Bitcoin mining giant Riot Platforms provided an investor update on Tuesday concerning its effort to take over Bitfarms, a smaller Canadian rival that’s been resisting the former’s attempted hostile takeover.
Riot offered its views on recent shakeups with Bitfarms’ board of directors, including the resignations of co-founders Emiliano Grodzki and Nicolas Bonta in recent months, whom Riot had previously targeted for replacement.
“While these changes represent a step in the right direction, they have been reactive and insufficient to address Bitfarms’ broken governance,” Riot wrote in a Tuesday open letter to other Bitfarms shareholders. “These actions followed Riot’s sustained public pressure and would not have occurred had Riot not challenged the entrenchment of the Bitfarms board.”
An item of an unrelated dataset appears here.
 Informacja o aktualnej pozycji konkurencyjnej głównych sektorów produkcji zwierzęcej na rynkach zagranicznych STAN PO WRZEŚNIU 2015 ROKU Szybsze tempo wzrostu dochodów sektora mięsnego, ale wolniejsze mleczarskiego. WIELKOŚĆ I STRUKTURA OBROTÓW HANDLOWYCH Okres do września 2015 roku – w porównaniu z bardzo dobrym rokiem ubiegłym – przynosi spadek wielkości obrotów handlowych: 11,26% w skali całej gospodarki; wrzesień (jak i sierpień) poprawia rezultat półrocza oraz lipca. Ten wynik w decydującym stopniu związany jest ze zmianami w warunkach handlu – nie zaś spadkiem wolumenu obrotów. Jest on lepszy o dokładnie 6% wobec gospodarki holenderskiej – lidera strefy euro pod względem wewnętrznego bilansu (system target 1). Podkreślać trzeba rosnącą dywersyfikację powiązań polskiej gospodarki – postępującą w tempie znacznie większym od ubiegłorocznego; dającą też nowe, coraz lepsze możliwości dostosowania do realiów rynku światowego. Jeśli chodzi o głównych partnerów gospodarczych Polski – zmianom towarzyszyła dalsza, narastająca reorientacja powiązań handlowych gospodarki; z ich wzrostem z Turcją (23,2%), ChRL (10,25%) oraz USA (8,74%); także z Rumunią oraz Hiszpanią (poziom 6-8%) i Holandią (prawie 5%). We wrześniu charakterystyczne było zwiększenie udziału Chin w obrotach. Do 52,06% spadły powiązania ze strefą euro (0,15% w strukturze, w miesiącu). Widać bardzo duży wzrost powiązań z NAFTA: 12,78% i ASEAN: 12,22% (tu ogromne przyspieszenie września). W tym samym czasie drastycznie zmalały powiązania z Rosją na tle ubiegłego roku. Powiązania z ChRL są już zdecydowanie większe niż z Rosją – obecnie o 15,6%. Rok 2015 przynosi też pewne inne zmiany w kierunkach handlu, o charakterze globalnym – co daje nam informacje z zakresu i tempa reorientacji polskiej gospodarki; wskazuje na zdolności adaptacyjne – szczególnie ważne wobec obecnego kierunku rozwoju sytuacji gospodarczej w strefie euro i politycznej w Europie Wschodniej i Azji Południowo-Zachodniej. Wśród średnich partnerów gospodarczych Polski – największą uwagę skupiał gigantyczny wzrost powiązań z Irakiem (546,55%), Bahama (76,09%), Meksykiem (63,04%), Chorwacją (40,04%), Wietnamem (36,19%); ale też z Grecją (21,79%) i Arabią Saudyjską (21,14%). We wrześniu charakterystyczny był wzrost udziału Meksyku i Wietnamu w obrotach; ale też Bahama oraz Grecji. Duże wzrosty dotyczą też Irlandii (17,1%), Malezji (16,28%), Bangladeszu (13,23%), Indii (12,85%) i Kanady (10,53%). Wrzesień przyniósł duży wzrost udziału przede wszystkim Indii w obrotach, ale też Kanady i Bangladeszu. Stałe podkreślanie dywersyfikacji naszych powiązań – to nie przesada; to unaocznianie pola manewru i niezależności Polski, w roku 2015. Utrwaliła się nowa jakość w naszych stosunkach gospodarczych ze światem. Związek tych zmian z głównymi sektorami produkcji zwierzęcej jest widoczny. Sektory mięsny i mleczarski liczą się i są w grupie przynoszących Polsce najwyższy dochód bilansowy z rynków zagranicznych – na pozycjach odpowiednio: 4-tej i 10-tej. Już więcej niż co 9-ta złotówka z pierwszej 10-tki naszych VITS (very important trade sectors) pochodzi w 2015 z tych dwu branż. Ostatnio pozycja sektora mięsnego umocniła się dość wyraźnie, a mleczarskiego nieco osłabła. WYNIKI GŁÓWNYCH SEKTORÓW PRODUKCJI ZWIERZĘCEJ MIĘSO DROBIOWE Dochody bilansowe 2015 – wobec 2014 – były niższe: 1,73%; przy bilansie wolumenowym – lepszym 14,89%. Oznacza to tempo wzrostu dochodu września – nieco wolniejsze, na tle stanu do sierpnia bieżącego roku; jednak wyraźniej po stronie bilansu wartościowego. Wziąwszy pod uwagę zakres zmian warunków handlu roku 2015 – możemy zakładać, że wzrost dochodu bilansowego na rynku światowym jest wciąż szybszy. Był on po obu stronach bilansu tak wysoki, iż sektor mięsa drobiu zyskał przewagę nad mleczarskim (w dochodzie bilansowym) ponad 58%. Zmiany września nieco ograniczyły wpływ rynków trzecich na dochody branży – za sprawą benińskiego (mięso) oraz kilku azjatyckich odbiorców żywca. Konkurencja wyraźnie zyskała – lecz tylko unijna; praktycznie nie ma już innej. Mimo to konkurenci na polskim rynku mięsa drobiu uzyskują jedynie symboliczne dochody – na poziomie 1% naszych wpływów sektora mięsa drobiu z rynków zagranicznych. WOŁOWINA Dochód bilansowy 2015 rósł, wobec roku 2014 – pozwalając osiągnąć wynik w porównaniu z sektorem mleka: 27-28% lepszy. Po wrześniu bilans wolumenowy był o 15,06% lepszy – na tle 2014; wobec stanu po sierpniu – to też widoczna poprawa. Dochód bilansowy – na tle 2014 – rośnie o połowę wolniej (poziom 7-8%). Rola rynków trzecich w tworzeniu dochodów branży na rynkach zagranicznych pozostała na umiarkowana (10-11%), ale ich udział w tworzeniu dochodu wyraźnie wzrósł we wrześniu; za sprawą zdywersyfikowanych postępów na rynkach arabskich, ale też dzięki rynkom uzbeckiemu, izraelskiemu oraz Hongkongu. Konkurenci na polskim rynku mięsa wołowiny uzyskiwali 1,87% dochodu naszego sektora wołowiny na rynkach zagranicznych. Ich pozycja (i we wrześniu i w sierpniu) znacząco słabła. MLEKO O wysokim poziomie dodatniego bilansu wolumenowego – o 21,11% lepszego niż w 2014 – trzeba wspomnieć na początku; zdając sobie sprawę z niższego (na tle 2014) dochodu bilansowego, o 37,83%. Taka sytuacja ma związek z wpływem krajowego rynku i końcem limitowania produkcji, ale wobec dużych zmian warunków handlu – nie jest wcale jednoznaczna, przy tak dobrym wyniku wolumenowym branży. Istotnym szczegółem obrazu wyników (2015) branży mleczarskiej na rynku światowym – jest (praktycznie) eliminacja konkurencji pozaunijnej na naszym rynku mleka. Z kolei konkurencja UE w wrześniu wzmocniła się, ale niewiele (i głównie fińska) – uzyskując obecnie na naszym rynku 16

Riot previously revealed that it privately offered to acquire Bitfarms for $2.30 per share in April, but Bitfarms quickly rejected the offer, believing it significantly undervalued their company.
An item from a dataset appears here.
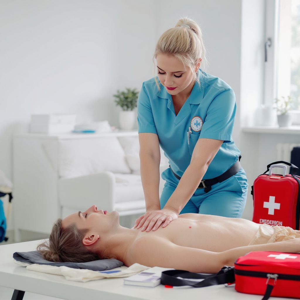 - Lélegeztetés (ha lehetséges és képzettek vagyunk rá): 30 mellkasi kompresszió után adjunk két befújásos lélegeztetést. Ehhez hajtsuk hátra a sérült fejét, emeljük meg az állát, fogjuk be az orrát, és szájunkat szorosan illesztve a sérült szájára, fújjunk bele levegőt körülbelül egy másodpercig. Figyeljük, hogy a mellkas megemelkedik-e. Ha nem vagyunk képzettek a lélegeztetésre, vagy nem érezzük magunkat biztonságban, folytassuk a folyamatos mellkasi kompressziókat a mentők kiérkezéséig. A legfontosabb a keringés fenntartása.

Riot responded by accusing the board of not acting in the best interests of all shareholders and began its campaign to replace Bitfarms leadership with “independent” nominees chosen by Riot. It has also been gobbling up shares in the Canadian miner, now possessing an intimidating 19.9% stake in the firm.
On October 29, Bitfarms’ shareholders are scheduled to vote on whether to install Riot’s nominees. Given the progress made so far, Riot has reduced its proposed slate of new directors from three to two: Amy Freedman and John Delaney, ideally replacing existing directors, including co-founder Andres Finkielsztain and Fanny Philip.
Riot also called out “the concerning Stronghold acquisition announcement,” saying that the timing was “troubling.” Analysts said the plan to acquire rival Stronghold Digital for $175 million, as announced last month, would boost Bitfarms negotiating position by strengthening its valuation before Riot’s next offer—which has yet to materialize.
“Shareholders should seriously question the timing of Bitfarms’ announcement of its agreement to acquire Stronghold,” said Riot. The purchase price, the letter said, represented a 100% premium to Stronghold’s market valuation at the time and was seemingly more expensive than shareholders needed to endure.
“Based on the transaction terms, the Stronghold acquisition appears to be yet another action designed to entrench the Bitfarms board,” Riot said.
Riot concluded by demanding that Bitfarms not enter into any financing transaction before the October meeting that will dilute Bitfarms shareholders any further.
“If the Bitfarms Board insists on taking any such action to further entrench itself at the expense of shareholders, Riot will not hesitate to hold the incumbent directors personally accountable,” the firm wrote.